What a random Monday - someone took me to the phone flashing aka unlocking shack - cost me 200 bob (KSD) to get it unlocked. Bargain! Now I'm up and running with my Kenyan mobile. Good times. I really respect the guy who took me - we were talking about all kinds of things and he went, "In Africa the one thing that really counts is your studies - it's not like Europe where if you have some other talents like art or sports you can get ahead without ever reading a word - here unless you have your studies and your degree you're nowhere. It's the most important thing." I was so impressed by what he said, how candidly he said it!
Monday afternoon we set off for running club - known as 'Hash' for Has House Harriers at 4:30 to beat the traffic. Not sure if I've mentioned but traffic here comes to a complete stand-still. It makes the M5 look easy... So we arrived with plenty of time to change before our run. It's 400 bob for the run and food, excluding drinks. All sounded like a pleasant evening to meet new people and get some exercise. Should have been awesome. It's the host person's responsibility to mark out the run, but unfortunately by the time we went running at 6pm on Monday night there were almost no markers left. We went up one path and ended up running through a shanty town somewhere in Loresho and were followed by 15 running kids of all ages from 3 - 15 shouting (nicely), "How are you?" "How are you?" when we turned around and asked them how they were they replied, "We are fine!" It was very cute. I found it a bit voyeuristic to be running through this shanty town, along what was effectively the high street of their makeshift town, but until this point I hadn't seen real life in Kenya for many people so it was good exposure.
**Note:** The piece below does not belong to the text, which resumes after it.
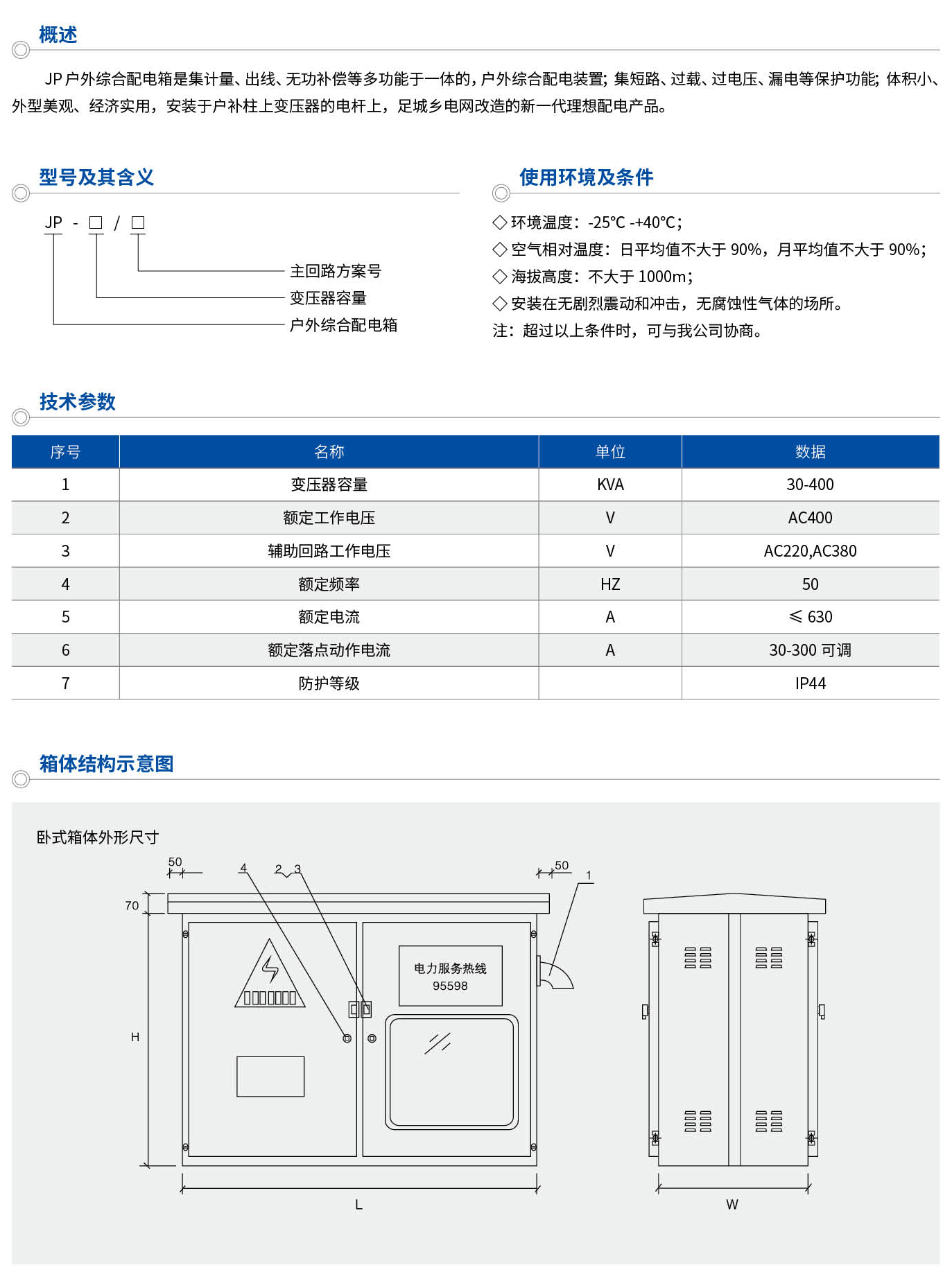 JP戶外綜合配電箱是集計量、出線、無功補償?shù)榷喙δ苡谝惑w的,戶外綜合配電裝置;集短路、過載、過電壓、漏電等保護功能;體積小、外型美觀、經(jīng)濟實用,安裝于戶補柱上變壓器的電桿上,足城鄉(xiāng)電網(wǎng)改造的新一代理想配電產(chǎn)品。

We continued to make our way - running in a green and leafy area of Nairobi we didn't know. At one point someone pointed out the short run and long run, but as everyone was going down the long run route I clearly couldn't take the short run. On, On indeed - as they say! We were still unsure of where we were going and at one point it was about 6:30pm and we hadn't seen any route markers for several kilometers. We were 6 all together and it's unadvised to be out later than 7pm here as there are no street lights, people drive quite dangerously and it's generally quite unsafe to be walking/running around after dark. One girl suggested we double back and find the the short route... 4 km more later we eventually found our way home, but not without a lot of stopping and starting, panics about it getting dark, and having to drop off 1 lady with a 13 year old dog who couldn't run anymore - poor thing! Anyway, we made it back to the house, but to complicate maters further, power was out on the whole street. What would we do about dinner??
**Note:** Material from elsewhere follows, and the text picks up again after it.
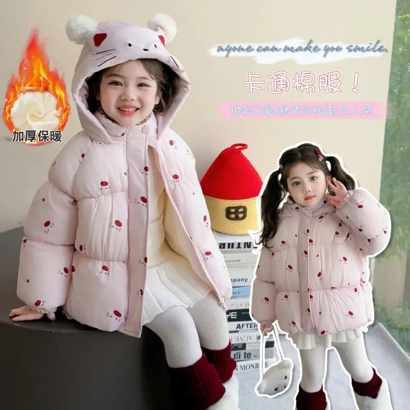 Kawaii плотная хлопковая куртка для девочек Hello Kitty, зима 202, новое теплое пальто в Корейском стиле с героями мультфильмов аниме, модная милая удобная одежда

Back at the house the group of approximately 35 runners gathered around in a circle and insisted the 'Virgins' or newbies come into the center of the circle for 'interrogation.' Each Virgin got a beer - after the round of questioning which included " what's your cup size " they were told they had to chug the beer in 10 seconds or less and if they failed they had to pour any remainder on 'natural hair.' Creepy to even make the distinction on natural hair... I hate to think what people got up to. Add this scene to the fact that everyone gets some weird name like 'bum fluff' or 'sex pistol' and that the guy taking cash when we arrived had plastic poo on his hat it was all too weird to handle.
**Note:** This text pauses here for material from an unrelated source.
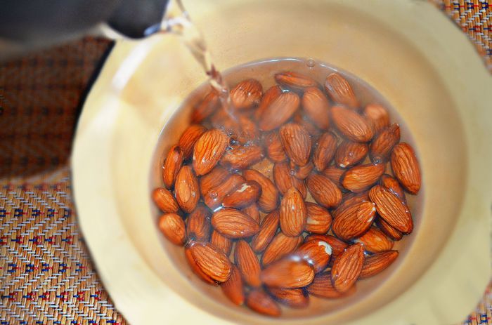 Миндальные орехи залить кипятком, дать постоять 5 мин, затем очистить их от шелухи.

If you're wondering, what did you do? I didn't join the circle and skipped out on the beer... I was releaved when the taxis arrived, even though it meant leaving without my 400 bob worth of food. No more running club for me, no way! It was all too weird. Shame as the exercise was good...
If you're curious about Hash, here's more:
Hash House Harriers
“Down Downs”At the end of the run, drinking, eating and an informal gathering usually takes place, overseen by the “mismanagement”. If there are any “Virgins” (people new to the HHH) they can expect to be put on show in front of the gathering and even have pints of beer poured over their head (all in good fun) Questions will be asked so the club members can get to know the Virgin a little better. Depending on who is mismanaging the crowd, most people get off pretty lightly, but be prepared in case you’re easily embarrassed!
Who goes to Hash House Harriers?I’ve heard that many HHH’s around the world are very child friendly and have lots of children attending. I would say, the Nairobi Hash’s are pretty adult orientated, although a fair number of young adolescents do go and I’m sure the group would be very friendly and welcoming to any younger members. Just be aware that there would be a high chance of them hearing rude jokes and smutty humour!
Hash House Harriers History
British colonial officials and expatriates who would meet on Mondays to follow a paper trail started the Hash originally in Kuala Lumpur, Malaysia in 1938. A “hare” was given a lead and had to run ahead dropping a paper trail, trying to create false trails to confuse the “harriers” who were chasing behind. Only the hare knew where he was going. Apart from the excitement of the chase, the runners were rewarded at the end of their run with a tub of iced beer.
During world war, the Hash died out, and then resumed again in KL soon after the war was over. It was not until 1962 that the Hash began to spread internationally, starting in Singapore then spreading through the Far East, Australia and New Zealand. Now, there are around 1700 Hash House Harrier groups all over the world; there are even two organized HHH groups in Antarctica! Hashing in Kenya began in 1978.